2. The declaration of a function generally appears before the use of the function. To satisfy the declaration before use.
3. Function declarations are generally placed in header files.
2: Definition of the function
1. The definition of a function refers to the specific implementation of the function, and the function implementation of the function is explained. It is equivalent to the steps we usually take to create a custom function.

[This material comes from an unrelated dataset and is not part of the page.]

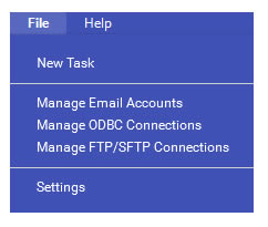 点击主界面的加号按钮添加任务,通过File菜单也可以,如果进行邮件、数据库、ftp相关操作,可以在File菜单中事先设置。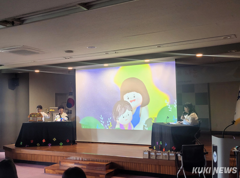 행사는 동화구연 〈만년 샤쓰〉와 방정환의 〈나비의 꿈〉 낭독으로 문을 열었다. 전문 배우들의 낭독이 이어지자 강당은 숨소리조차 조심스러울 만큼 고요해졌고, 아이들과 학부모 모두가 무대에 집중했다.

2. Functions cannot be defined nested
3: The block writing of the program
When we write code, we may think: I write all the code in a source file, so it is not convenient to find it.
In fact, such a habit is detrimental to future program development.
Our society has its own division of labor. When we develop a program, we often only need to be responsible for part of a large project, such as one person to write the main program, one person to write functions, etc., and we Separating parts of a project makes it faster to find bugs and fix them accordingly.
Thus, when we write a function, we need a file allocation like this:
The declaration of the function, the definition of the type, the inclusion of the header file—the header file.hFunction
definition—the source file of the function implementation.cEach
function can be written in these two files, or several functions can be written in two in the file.
For example, when we write a project that is the sum of two numbers, many programmers divide the labor to complete it.
A created the header file add.h
#pragma once
//头文件中放:函数的声明,类型的定义,头文件的包含
int Add(int x,int y)
The small source file add.c created by B
int Add(int x,int y)
{
return x + y;
}
inside test.c
#include "add.h"//引用头文件
int main()
{
int a = 0;
int b = 0;
scanf("%d %d", &a. & b);
int c = Add(a, b);
printf("%d\n", c);
return 0;
}
The advantage of writing code in modules is that we can hide some necessary code for implementing files. For
example, there is a programmer named Zhang San.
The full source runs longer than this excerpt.